Но если не было у деда с матросом Кошкой кровного родства, то духовное было наверняка: дед Федор прошел Первую мировую войну, или, как он говорил, империалистическую, в чине унтер-офицера, имел два солдатских Георгия, пушистые усы и на фотографиях тех времен, несмотря на свой рост (чуть больше метра шестидесяти), выглядел геройски. От него мне достался огромный вислый нос и такие же огромные, прижатые к затылку уши, которые по сей день так необычно торчат вверх, будто растут и растут.
Жили они с бабушкой в П-ве, под Рязанью, в своем доме, где я и провел детство. Дед воспитывал меня в строгости, а бабушка кудахтала вокруг, как наседка, и не давала меня сечь, как бы я ни провинился. Но старый, потрескавшийся на концах дедов ремень постоянно висел на самодельной дверной ручке-шишечке, как для правки бритвы, так и для напоминания о крутом нраве отставного унтер-офицера. Деда я побаивался, но лишь в ранние годы. Когда я подрос, а он постарел, мы стали друзьями.
Родители мои жили в Рязани, где живут и сейчас, поэтому я часто бывал у стариков в выходные дни и на каникулах. Мы с дедом ходили в баню, а потом сидели за разговорами у дома на лавочке и пили пиво: я с полстакана, а дед — бидон.
Именно дед, когда мне было еще пятнадцать лет, дал мне впервые закурить и вид при этом имел такой, будто перед ним не внук, а его ровесник. Но я сам тогда почувствовал, что он отнесся к этому отрицательно, и больше даже не намекал ему на сигареты. Вообще, наши отношения были тонкими и самыми наилучшими, деда я любил больше, чем отца с матерью.
Случалось, что он выпивал (а занятие это он бросил лишь за год до смерти), тогда воображение его разыгрывалось необычайно: между затяжками он начинал припоминать, что под Фельдштейном, где их батальон попал в плен, он видел в эшелоне Швейка, который был в русской форме и имел медаль «За усердие», чего нет в книге, и что австрийцы будто бы сразу разобрались, в чем дело, и Швейк, когда приходил прощаться, говорил, что все в порядке. «Они народ точный», — задумчиво говорил дед, вспоминая, наверное, свой четырехлетний плен. «Фамилия (дед любил это слово и то, что с ним связано, поэтому аккуратно сообщал все, что касалось любимого предмета), фамилия его, конечно, была не Швейк, а что-то вроде Странечека или Страшлички — точно не помню, врать не стану, но ведь кто же станет писать настоящую фамилию? Вдруг обидится человек. Не-ет, это дело тонкое...» Швейка дед уважал как человека порядочного и настоящего солдата и сопоставлял его только с матросом Кошкой да с собой. Последней войной он был недоволен и говорил, что «надо было сразу всыпать немцу, а не ходить в Москву и обратно, как Кутузов. А то взяли моду». По его мнению, солдат настоящих больше нет, и, когда меня забирали в армию, он сплюнул только: «Совсем мальчишек берут».

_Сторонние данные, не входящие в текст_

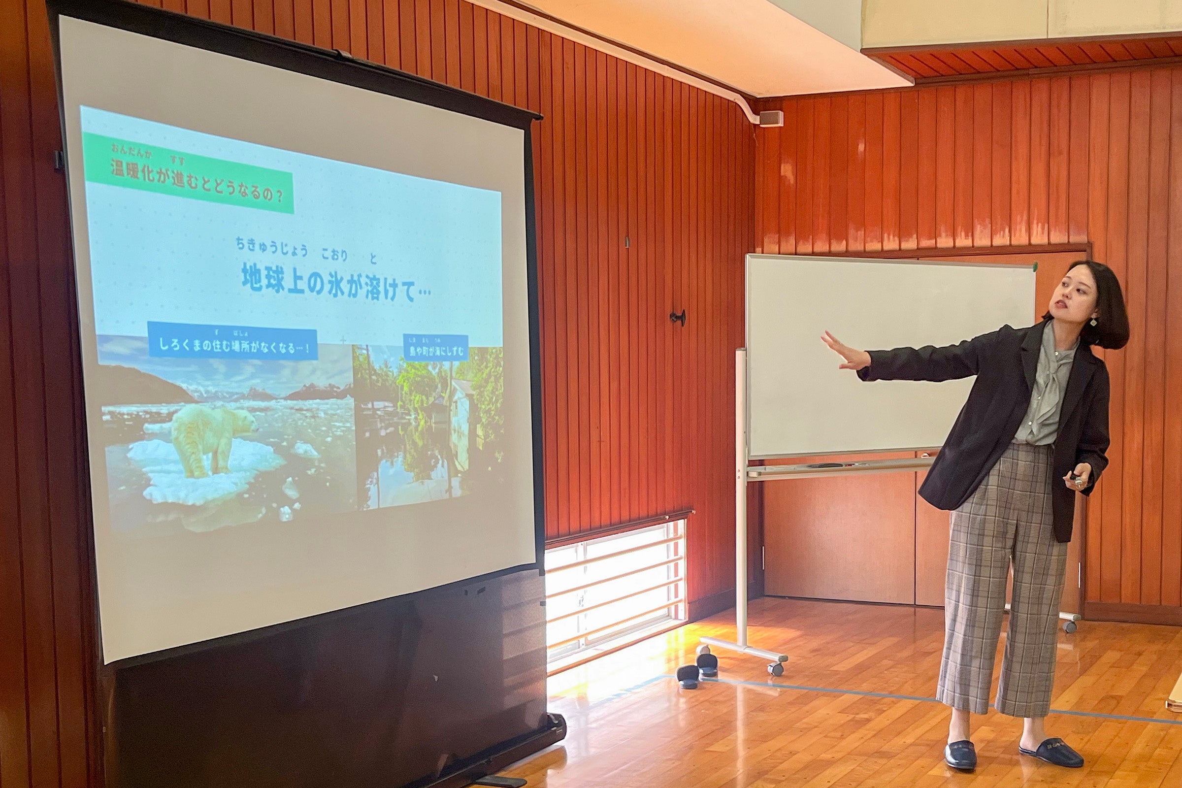 テーマは「地球温暖化の原因CO2について考えてみよう」。講師は、セールス&マーケティング部の甲斐綾乃が務めました。

В общем, благодаря окружавшей меня атмосфере человеком я был миролюбивым и беззлобным. Весь в деда, как говорила бабушка.
Школу я окончил посредственно, так как всегда был ленив. А когда прослужил полтора года в армии, пришла телеграмма о смерти деда. Командир части не отпустил меня на похороны, сказав, что это не бог весть какой родственник. Командир части был евреем, из родственников у него были только старая жена да здоровенный кобель. Смысл своей жизни он видел в карьере, а успехи на этом поприще связывал со строжайшей экономией и, будучи полковником, как у нас говорили, «рубился на генерала».
С этого дня я ему ни разу не козырнул при встрече, за что шесть раз был на гауптвахте и демобилизовался на месяц позже других, прямо из одиночки. (С комендантом гарнизона они находились в приятельских отношениях, и тот по дружбе добавлял мне срок или сажал в одиночку, приказав «пристегнуть» нары.) Когда я все-таки вернулся домой, родители с порога стали тыкать мне в лицо письма с жалобами на меня, которые писал полковник. Я объяснил, в чем дело, но они кричали, что я все равно должен был подчиниться, что они «посылали меня служить честно», а я «оказался негодяем». Я не ожидал, что они про меня так скажут, и впервые задумался: почему я должен сносить все это и что вообще связывает меня с родителями? Еще я подумал, действительно ли я был прав, и решил, что человек, отслуживший полтора года без замечаний и не побывавший ни разу в отпуске, мог бы получить его на похороны деда. А не получив его, не мог поступить иначе. И ни о каком долге не может быть и речи. В конце концов, я в армию не просился, так с какой стати я что-то должен делать, а со мной, невзирая ни на что, могут обращаться как со скотиной? Нет, в своей правоте я не сомневался.
— Почему ты молчишь?! — заорал на меня отец, видя, что я не отвечаю.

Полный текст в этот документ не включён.